Fabien est surveillant au Louvre. Il aime son métier. Il aime aussi Mathilde. Celle-ci le présente à sa famille, dans la vaste maison de campagne près d’Angers. Non sans appréhension, car le clan Benion est un peu spécial. Il y a son père, Louis, qui est à la tête depuis 1975 de l’entreprise familiale de meubles, fondée en 1947, et ses deux frères, Maxime, l’aîné, et Joseph. Ils ne sont pas méchants, plutôt maladroits et ont un humour qui n’est pas forcément subtil.
Le fait que Fabien travaille au Louvre est une coïncidence bienvenue, puisqu’ils viennent de retrouver au grenier, le tableau d’un aïeul, peint au XIXe siècle. C’est une affreuse toile représentant un pauvre clébard qui louche. Que vaut le travail de l’ancêtre ? demandent les Benion. Est-ce une croûte ou un chef-d’œuvre ? Fabien, bien emmerdé, botte vaguement en touche. Alors, pour les Benion, la cause est entendue, tant que l’inverse n’est pas prouvé, nul doute que le tableau ait sa place sur les cimaises du musée du Louvre ! On s’en amuse et Fabien espère que tout ça n’est qu’une lubie. Jusqu’au jour où, les deux frangins débarquent au Louvre et s’enquièrent de ses démarches. Le Chien qui louche au Louvre serait la preuve de son engagement pour marquer son entrée dans la famille Benion ! Alors là, Fabien est très mal. C’est de Monsieur André Balouchi que viendra son salut. Il est l’un des visiteurs les plus assidus du musée et fait partie de la très secrète République du Louvre, qui s’intéresse au bizarre, à l’aléatoire, à l’improbable… De quiproquos pittoresques, en malentendus drolatiques et autres hypothèses irréalistes, Le Chien qui louche sera pourtant bel et bien accroché, et de façon définitive, dans l’une des salles les plus fréquentées du musée, tout près, très, très près même, du Radeau de la Méduse de Géricault… ! Et les Benion, en rangs serrés, de passer de l’autre côté de la Seine, à la conquête de l’Académie Française ! Mais oui, on ne vous a pas tout dit : l’aïeul a aussi commis quelques écrits…

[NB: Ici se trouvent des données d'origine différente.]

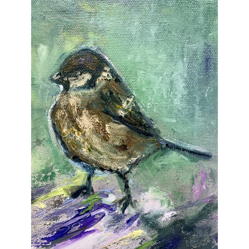 “Lilacs and Sparrows” is a floral composition filled with the light and fragrance of spring. A generous bouquet of lilacs in soft lilac, violet and white tones stands in a clear glass vase, while two curious sparrows sit nearby, bringing a touch of life and playfulness to the scene. Marina Stogniieva combines expressive textured brushwork with gentle color transitions, making the flowers appear lush and three-dimensional. This painting brings a sense of calm, homely comfort and joyful spring energy to any interior.

Cet album est une magnifique chronique sociale, comme le sont souvent les ouvrages d’Etienne Davodeau. L’histoire qui peut, à première vue, paraître simple, arrive à combiner différentes intrigues, qui permettent, une fois de plus à l’auteur, de s’en sortir brillamment.
Tout d’abord, Davodeau aborde avec humour et précision la sempiternelle question : Qui ou qu’est ce qui fait qu’une œuvre mérite sa place au musée ? C’est une remise en question sur le point de vue de chacun, qui est-on pour juger l’œuvre d’une vie ?
On trouve ensuite dans ce récit, l’idée farfelue du cambriolage à l’envers tel que l’avait réalisé l’artiste britannique Bansky. Pour ceux qui ne connaissent pas, en 2005, il réussit à placer des œuvres factices dans plusieurs américains (dont le MoMA et au musée américain d’histoire naturelle de New York !) et britanniques (dont le British Museum !). Il s’agissait d’un dessin au fusain d’un homme préhistorique. Davodeau fait le même « casse » avec sa république du Louvre et son Chien qui Louche.
Tout ceci sur fond d’histoire d’amour et d’intégration. Jusqu’où Fabien est il prêt à aller pour se faire accepter dans sa belle-famille ?
Autant de questions qui trouvent réponse dans cet excellent album, illustré de façon classique pour l’auteur, mais, qui permet à l’œil averti de le reconnaître dès la première page. On ne cherche pas dans le dessin d’Etienne Davodeau autant de détails que pour d’autres auteurs, le but n’étant pas là ! Ses illustrations sont au service d’une remarquable histoire.
A quelques jours du festival d’Angoulême où cet album est nominé, je ferais bien du Chien qui Louche mon favori.